OT: Language for the ages
Patrick Finnegan
pat at computer-refuge.org
Sat Oct 15 20:18:10 CDT 2005
William Donzelli declared on Saturday 15 October 2005 02:07 pm:
> > Hmm, interesting. In what ways other than the processor-memory model
> > could things have evolved in the early years? It'd be intersting to
> > speculate where computing might be today if it had evolved down some
> > totally different path very early on...
>
> How about the model with memory and processor being one? The "closest"
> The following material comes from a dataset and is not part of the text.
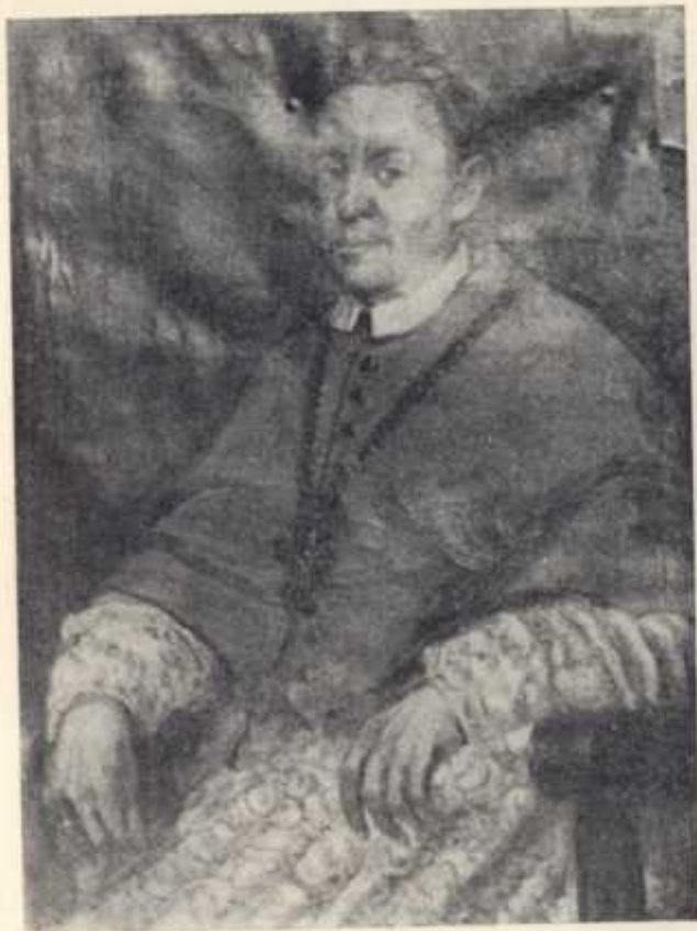
Bp Aleksander Antoni Fredro (1724—1734)

> production machines like this were probably the CM-1 and CM-2. Maybe
> some neural network machines in the labs will finally hit the point
> when they get useful. Or to really get wild, perhaps quantum machines
> or those that work on probablities?
>
> Processor-memory and analog were the easiest (by far) to implement
> years ago, so that is why they were there, and the above weird
> technologies were not. 30 years from now, some of those weird
> technologies may be quite normal.
A couple of years ago, Cray was working on a proposal for a DARPA grant,
one of the ideas they were playing with in the design of the machine
included memory-local processor, sort of like NUMA, except the memory
modules themselves had processors that you could send 'tasks' to, sort
of a vector of processors (as opposed to a vector processor:).